Тетя Нюша взяла коптилку и прошла в горницу. Увидев свет, ребенок притих. Личико у него было сморщенное, с землистым оттенком, а воспаленные глазенки смотрели с осмысленной тоской; и от этого похож он был на игрушечного старичка.
— Не помирает… А где сил взять смотреть на него, такого? — Клавдия смяла рукой пустые груди. — Все одно как тряпки. И губ ему не смочишь…
Она стояла худая, с ввалившимися щеками. На вид ей можно было дать лет тридцать пять — сорок, а на самом деле осенью двадцать пятый год пошел. И самой ей теперь не верилось, что всего каких-нибудь полгода назад она была первой хохотуньей на селе, первой песенницей. Пятипудовые мешки носила на спине легко, как игрушку. Одеваясь, с трудом стягивала тесемки сарафана на высокой груди… А с какой радостью прислушивалась к первым толчкам под сердцем, когда зашевелился там ребенок!
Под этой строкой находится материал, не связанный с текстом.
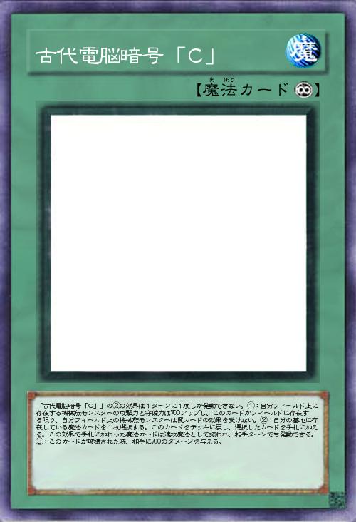 | 「古代電脳暗号「C」」の②の効果は1ターンに1度しか発動できない。①:自分フィールド上に存在する機械族モンスターの攻撃力と守備力は700アップし、このカードがフィールドに存在する限り、自分フィールド上の機械族モンスターは罠カードの効果を受けない。②:自分の墓地に存在している魔法カードを1枚選択する。このカードをデッキに戻し、選択したカードを手札に加える。この効果で手札に加わった魔法カードは速攻魔法として扱われ、相手ターンでも発動できる。③:このカードが破壊された時、相手に700のダメージを与える。 | |||
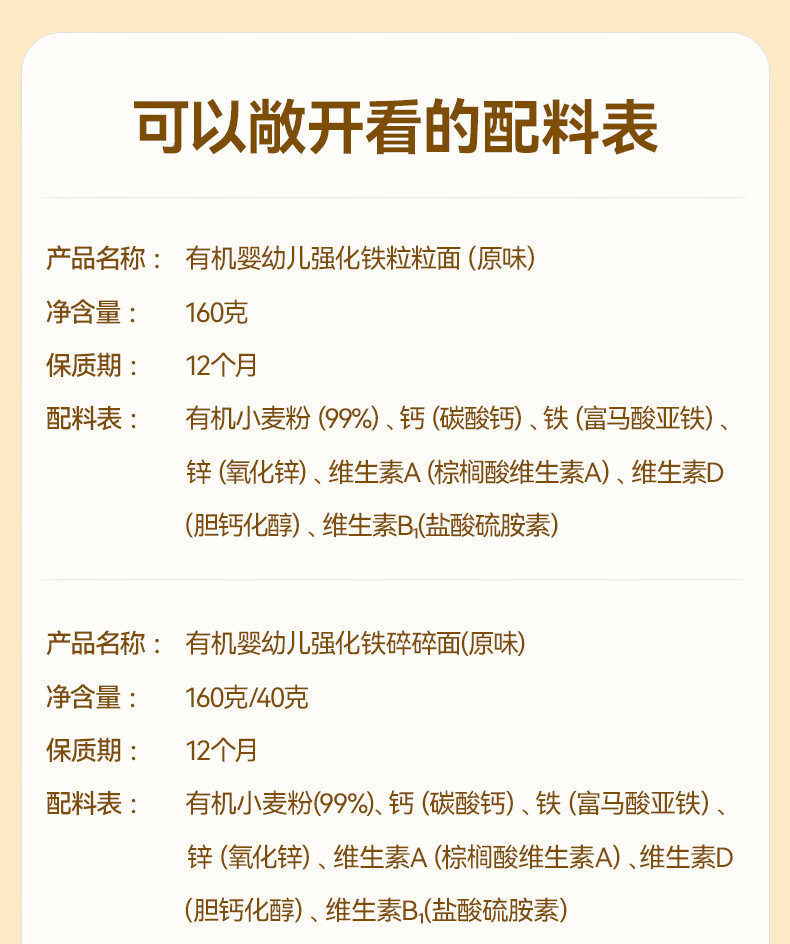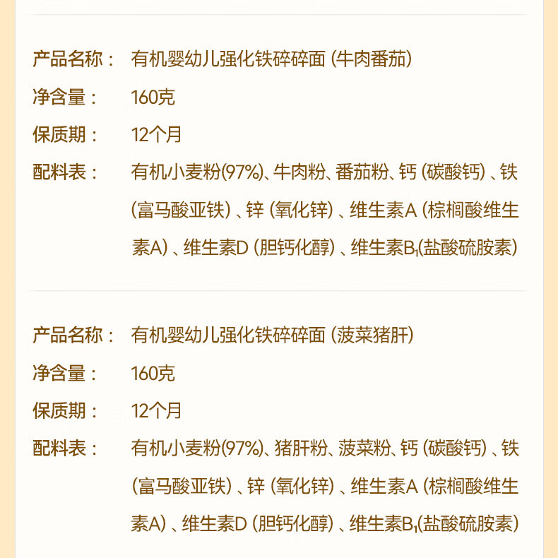 【新包装口味任选】秋田满满婴儿辅食有机婴幼儿营养面条钙铁锌盒装
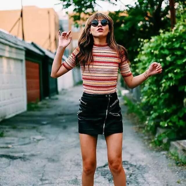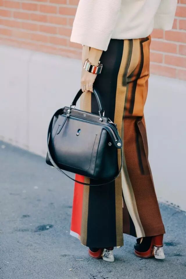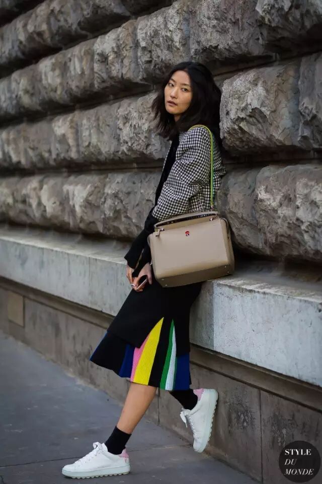 彩条纹的半身裙也是自带光芒的单品,哪怕只是露出一点点,也是十分出彩。▼
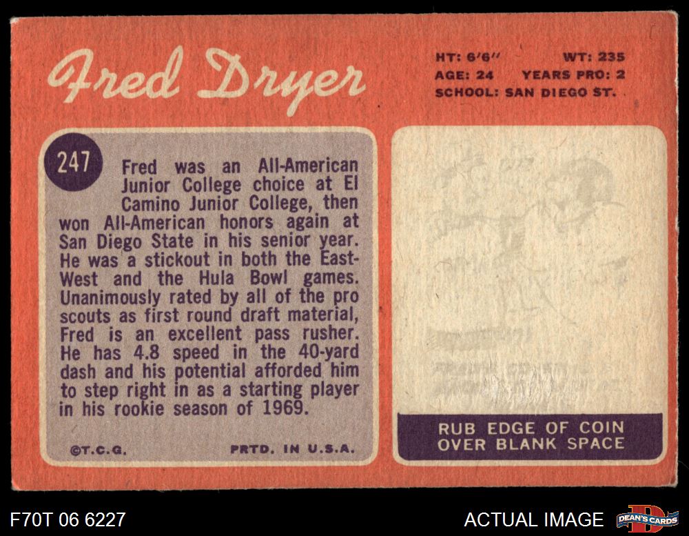 1970 Topps #247 Fred Dryer 2 - GOOD
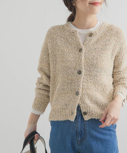 アンティークボタンが映える、メランジニットカーディガンミックスヤーンによるメランジ見えがかわいい、表情豊かなニットカーディガンをご用意。アンティークゴールドのボタンを使用し、ややクラシカルな印象に仕上げました。程よい肉感で寒い時期から着用でき、インナーを変えることでロングシーズン活躍。カジュアルに着られるツイードジャケット風としても着用でき、スタイリングの幅が広がります。きちんと感がありながらも堅すぎず、オンオフ問わず使いやすいアイテム。春らしいオフとイエローの2色展開で、コーディネートに明るさをプラスしてくれる一枚です。【2026 Spring/Summer】【26SS】※この商品は、引っ掛け・引っ掛かりが起きやすくなっています。※素材の特性上、縫い目などに過度な力が加わることで、滑脱する場合があります。クリーニング・ご着用の際は充分ご注意ください。※その他お取り扱いに関しましては、商品に付属のアテンションタグをご覧ください。総重量 : 約645g※商品画像は、光の当たり具合やパソコンなどの閲覧環境により、実際の色味と異なって見える場合がございます。予めご了承ください。※商品の色味の目安は、商品単体の画像をご参照ください。▼お気に入り登録のおすすめ▼お気に入り登録された商品は、マイページにて現在の価格情報や在庫状況の確認が可能です。お買い物リストの管理にぜひご利用ください。素材感透け感 : ややあり伸縮性 : あり裏地 : なし光沢 : なしポケット : なしFree

Как хотелось, чтобы это был сын! И вот он лежал перед ней, тускло озираясь голодными глазами.
— Где взять силы, маманя?
Тетя Нюша угрюмо вглядывалась в личико ребенка: носик его заострился и стал как восковой, — смерть в изголовьях стояла.
— Потерпи… — хотелось сказать ласково, а не получилось: такой уж голос жесткий.
Она принесла в горницу чугунок с водой, несколько картофелин и нож. Садясь за стол, сказала дочери о налете партизан на немцев и спросила:
— Прошлой ночью ты задремала и смеялась что-то? Клавдия удивленно взглянула на мать, потом углы ее губ чуть дрогнули в улыбке.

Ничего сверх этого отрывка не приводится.